My Doggy Mom is still working on her book. Because she wants to change the title I am forced to endure hours lying next to her as she keeps searching for a suitable one. It’s enough to put a dog to sleep. I wonder if she spent that much time searching for my name.
Doggy Mom: Well, in fact, it was easier. You are of French origin and I wanted you to have a literary name.
Bau: As if I can read French!
Doggy Mom: I thought of Hugo, as in Victor Hugo, but I didn’t think that my daughter’s friend, Hugo, would appreciate me naming you after him.
Bau: He should have been honored.
Doggy Mom: So, anyway there was Baudelaire but that was too long. So I shortened it to Bau. Here in Montreal where almost everyone speaks French, when they ask what your name is, they think I mean Beau, which means handsome.
Bau: Oh, I quite like that!
Doggy Mom: Fits you perfectly. Anyway back to my book title.

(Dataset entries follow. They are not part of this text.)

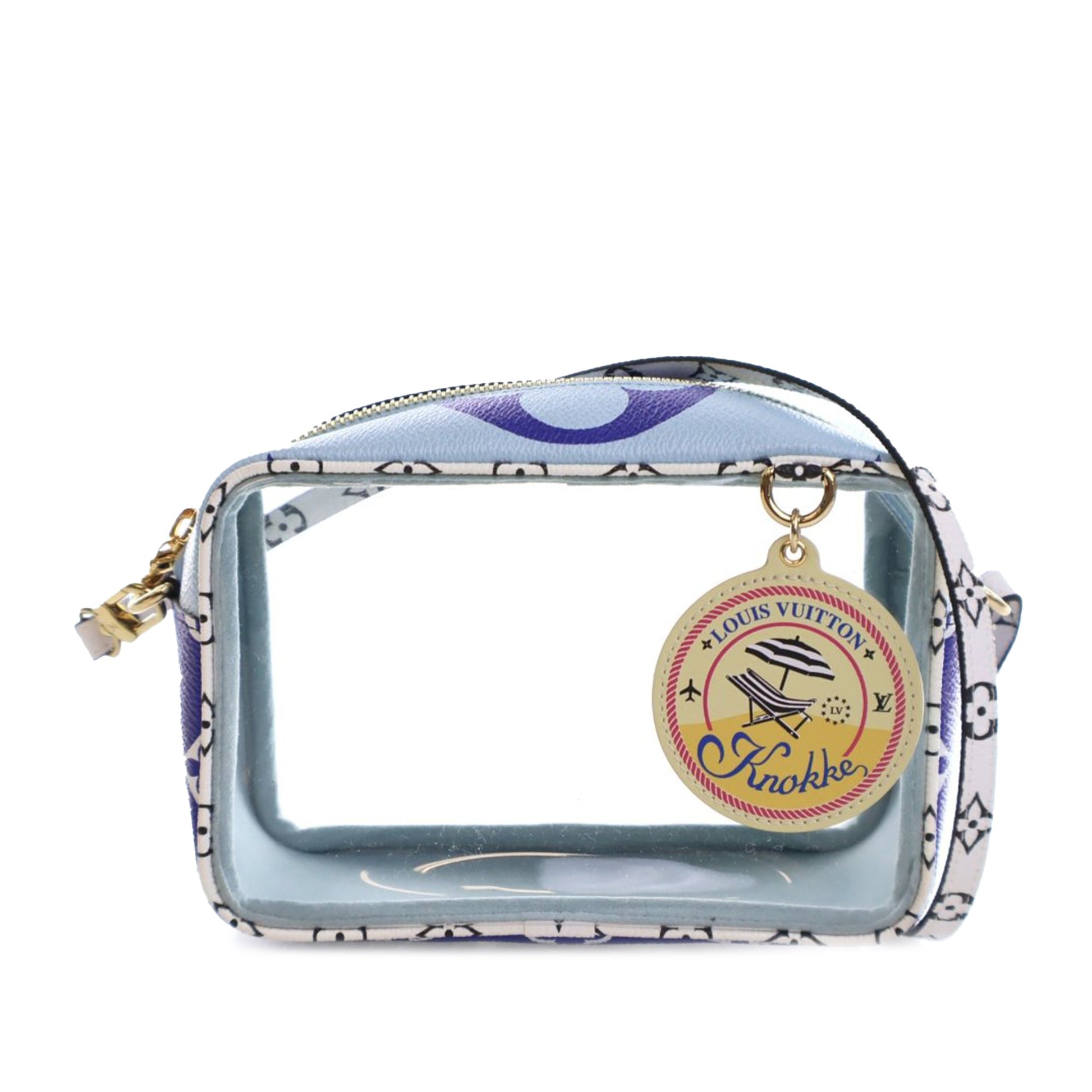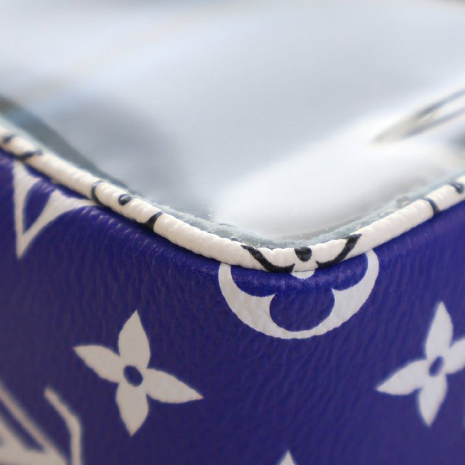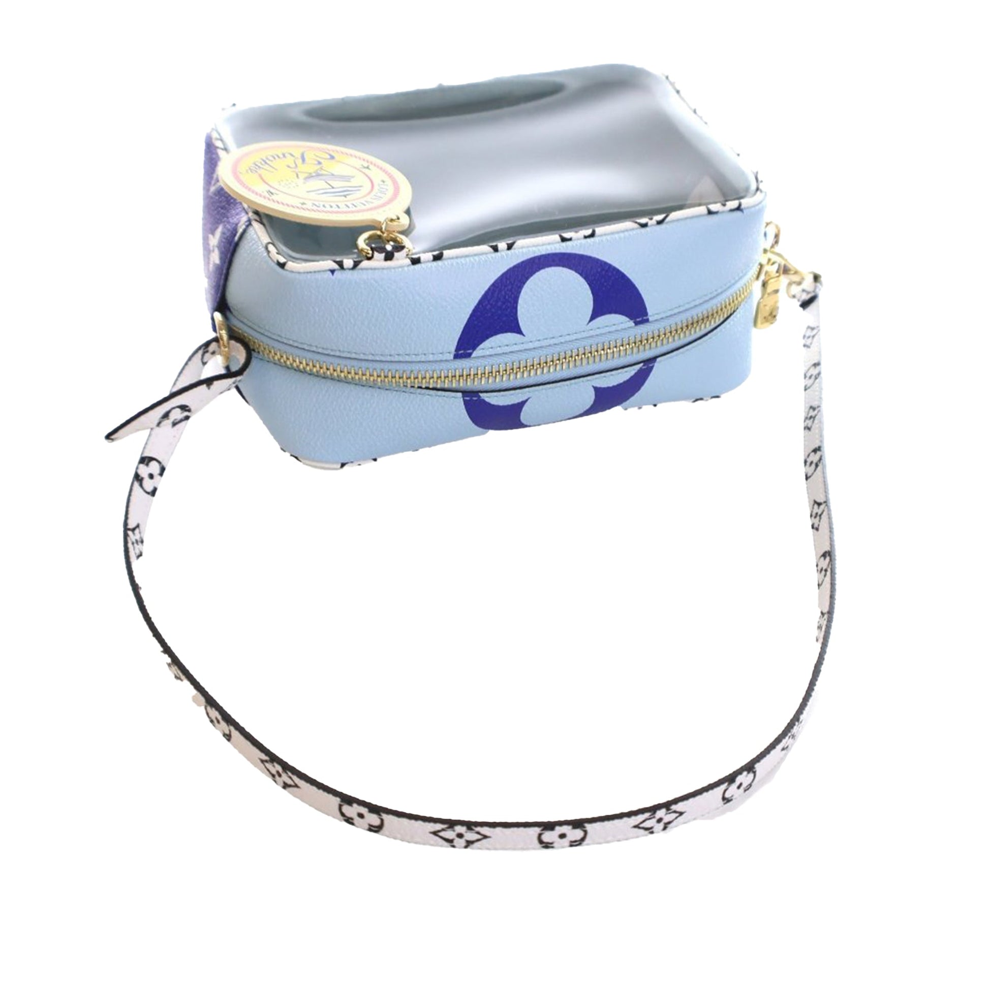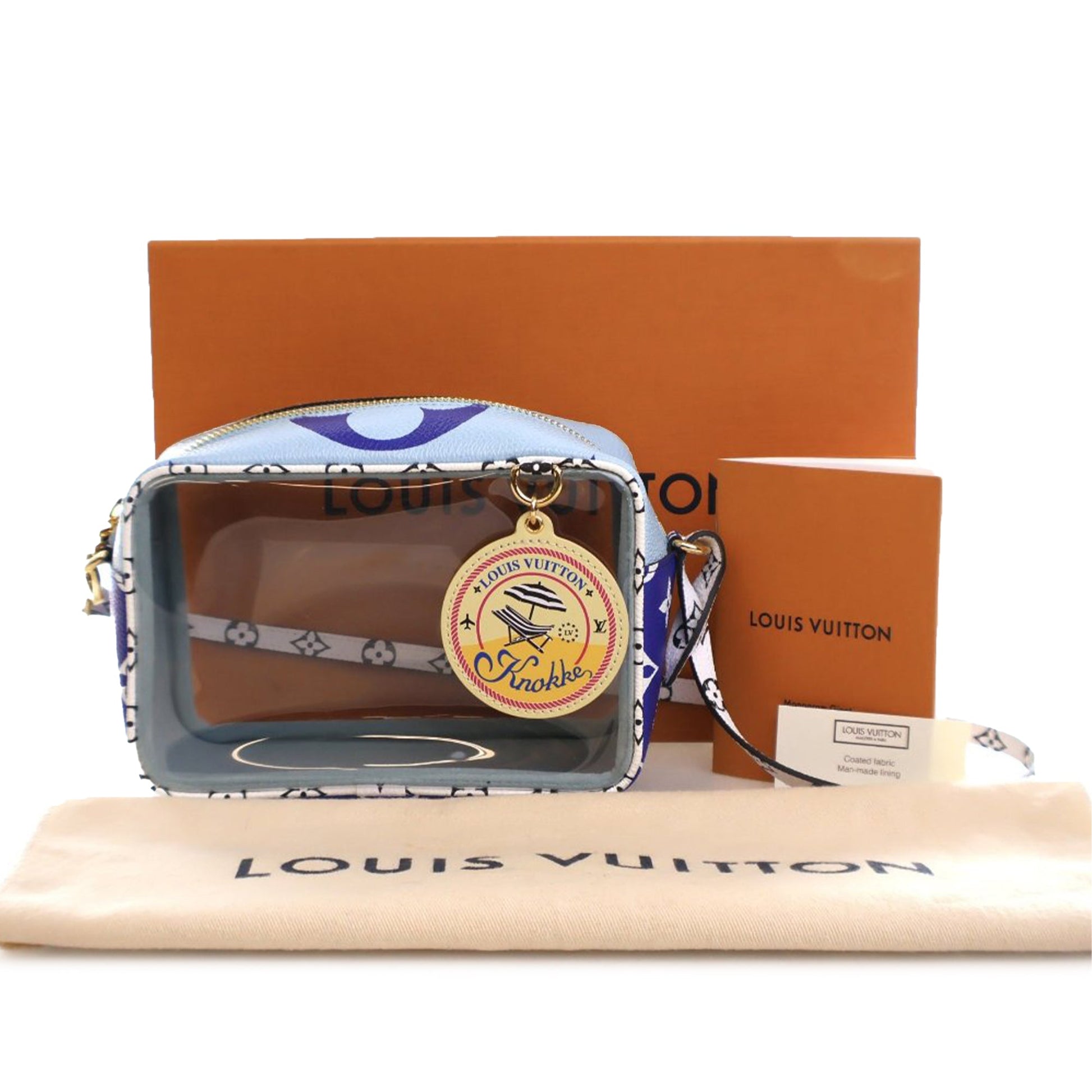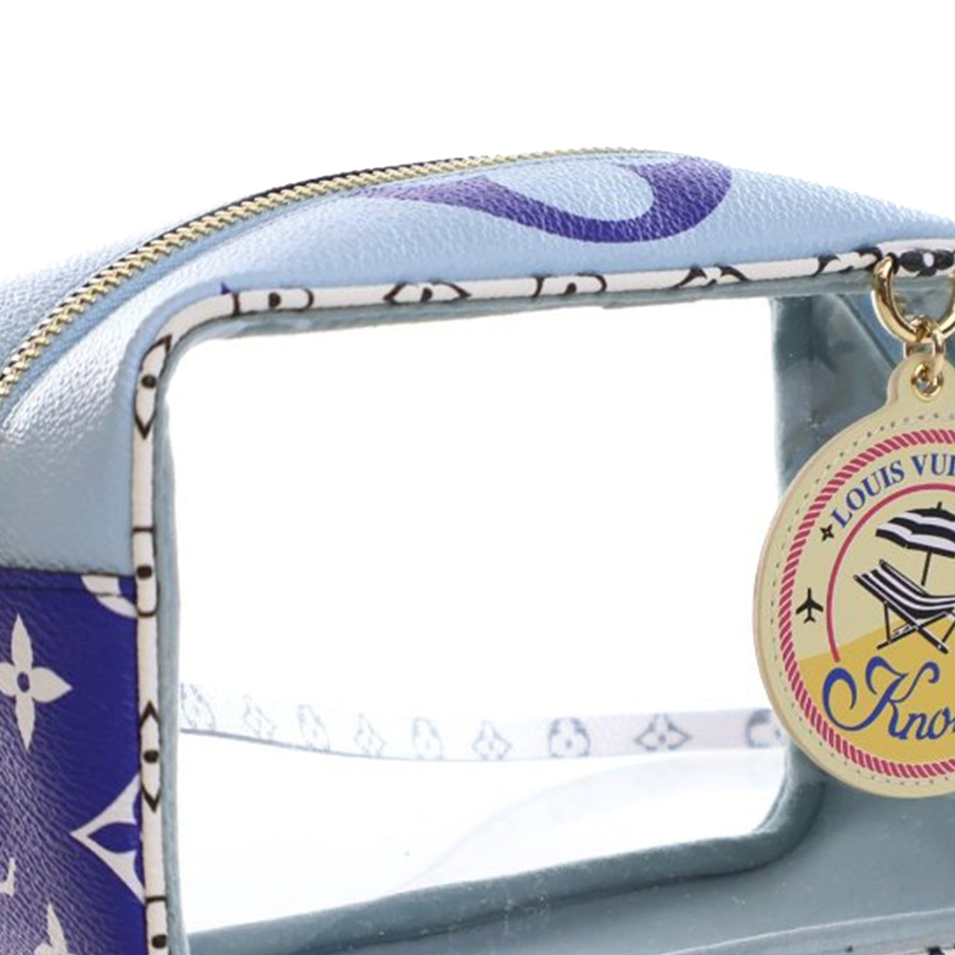 Product Details: Blue Louis Vuitton Monogram Giant Beach Pouch Shoulder Bag. The Monogram Giant Beach Pouch features a PVC body with monogram canvas trim, a flat shoulder strap, and a top zip closure. 3.9" L x 6.5" W x 3.1" D. Serial number TR2119.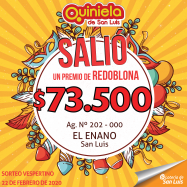 ¡Premio de Redoblona en San Luis!   En el sorteo Vespertino del día sábado 22 de febrero, salió un importante premio de Redoblona. La jugada fue realizada en la agencia Nº 202-000, "El Enano" de San Luis y se llevo $73.500.    ¡Felicitaciones al afortunado ganador!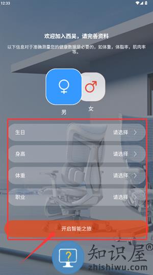 1、启动应用后,请在资料填写页选择性别,输入出生日期、身高体重与职业等信息。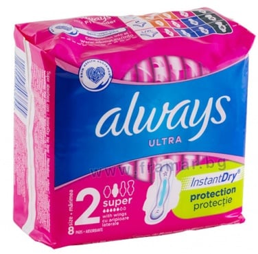 - с дебелина приблизително 3 мм Always® Ultra защитава четири пъти по-добре от обикновените по дебели превръзки.
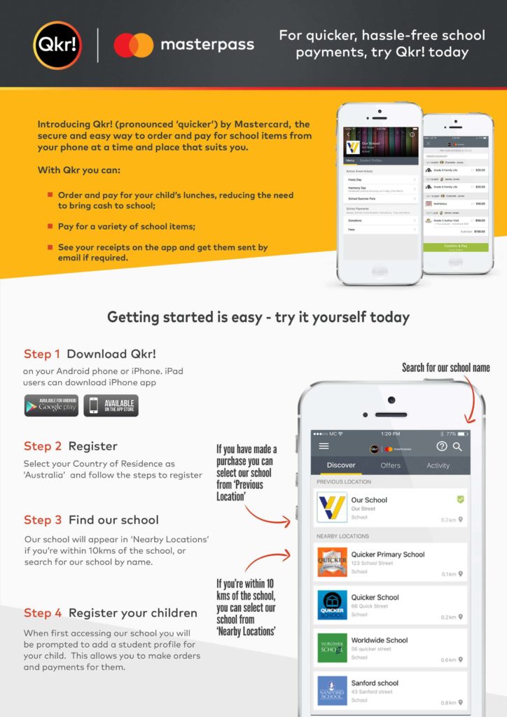 Only officially issued school tax invoices or excursion/event notices may be paid by this method.

Bau: Oh yeah (Yawn, Yawn). What was wrong with The Set Up? Lots of books have that title.
Doggy Mom: That’s the problem. I don’t want my book to get lost in the slush pile.
Bau: If that’s the case, you should have checked before wasting my time.
Doggy Mom: You’re right. Learn from my mistakes. Also the title gives the story plot away.
Bau: What about the cover?
Doggy Mom: Finally, I found what I was looking for. Now, I’m just waiting for the graphic designer to get back to me. Could be a few weeks. Of course there’s going to be the extra headache of formatting my book to fit Amazon standards.
Bau: Oh, boy! I think I’m going to go for a nap. Wake me when it’s over.